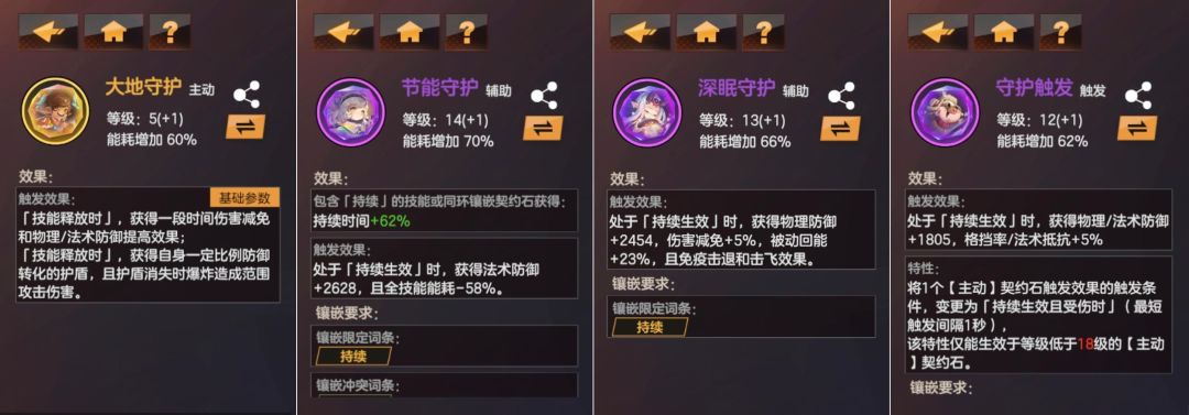 4、契约石推荐:瞬发位移类的技能推荐带【大地守护】,提供10%的伤害减免,加物理和法术防御,还能给你套一个护盾;持续技能推荐带上【守护触发】、【节能守护】、【深眠守护】,回蓝+提供双防
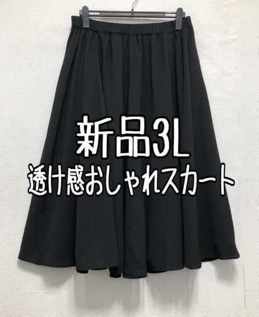 新品☆3L♪黒系♪透け感フェミニン♪マキシ丈ギャザーフレアスカート☆b200
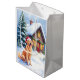 Sac Cadeau Moyen Golden Retriever Rustic Cabin Santa Hat Christmas
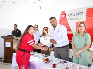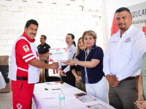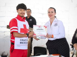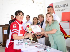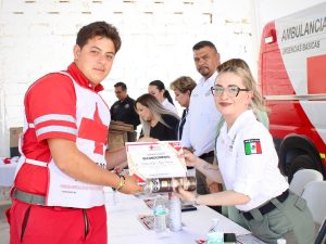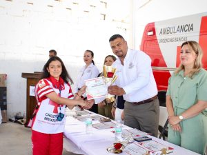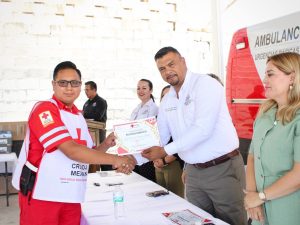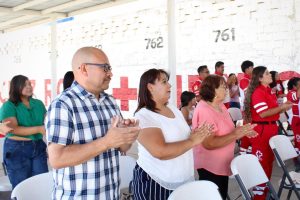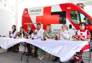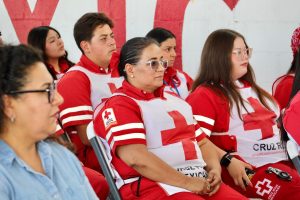 Me acompañaron en la mesa del presidium mi esposa; la Primera Dama y Presidenta del Sistema DIF Municipal, Psic. Beatriz Adriana Montoya Garibaldi; la Secretario del H Ayuntamiento, Profra. Miriam León León; así como las Regidoras del XII Ayuntamiento, Lic. Angélica López Mena y C. Guadalupe Barragán Sarabia; además de la Enlace Estatal de Protección Civil, C. Karla Viridiana Betancourt Chávez y la anfitriona y Coordinadora Local de Socorros de la Cruz Roja Mexicana Delegación Sonoyta, T.U.M. Rosario Bernal Sánchez.
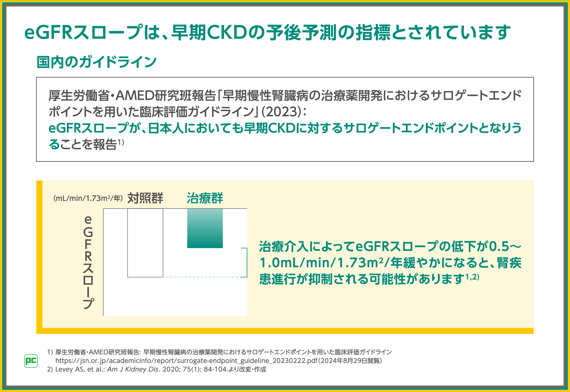 なお、eGFRスロープの早期CKDの予後予測の指標としての基準は、治療介入によってeGFRスロープの低下が0.5~1.0mL/min/1.73m2/年、緩やかになることとされています。
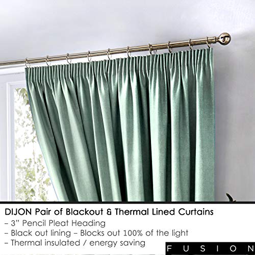Fusion Dijon Thermal & Blackout Fully Lined Pencil Pleat Curtains in Duck Egg Blue Size: 117 cm width x 183 cm drop Duck Egg Blue 117 cm width x 183 cm drop
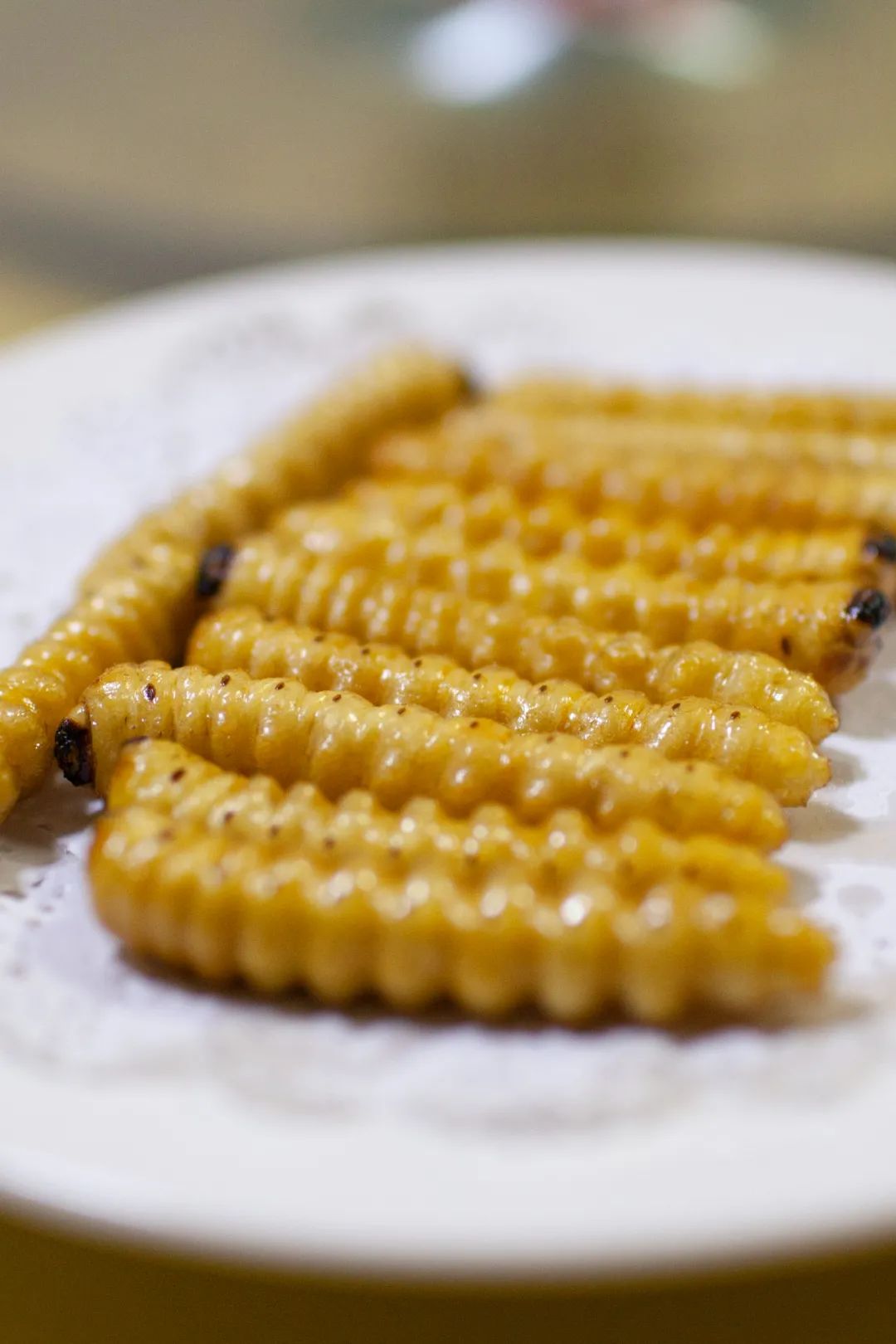 还有炒豆虫、粉皮豆虫、豆虫炒鸡蛋等烹饪方法,取的是一个鲜,入口清香,味道鲜美。不过这些做法都看不出豆虫的形貌了。而一条一条直挺挺地码在盘中、焦黄朴素的炸豆虫,恐怕永远是山东人心中的制高点。

────────────────

→ **YOUR TASK**
Reproduce the lines above beginning at the line that contains "なお、eGFRスロープの早期" and ending at the line that contains "Fusion Dijon Thermal". No pictures.

→ **YOUR SOLUTION**
 なお、eGFRスロープの早期CKDの予後予測の指標としての基準は、治療介入によってeGFRスロープの低下が0.5~1.0mL/min/1.73m2/年、緩やかになることとされています。
Fusion Dijon Thermal & Blackout Fully Lined Pencil Pleat Curtains in Duck Egg Blue Size: 117 cm width x 183 cm drop Duck Egg Blue 117 cm width x 183 cm drop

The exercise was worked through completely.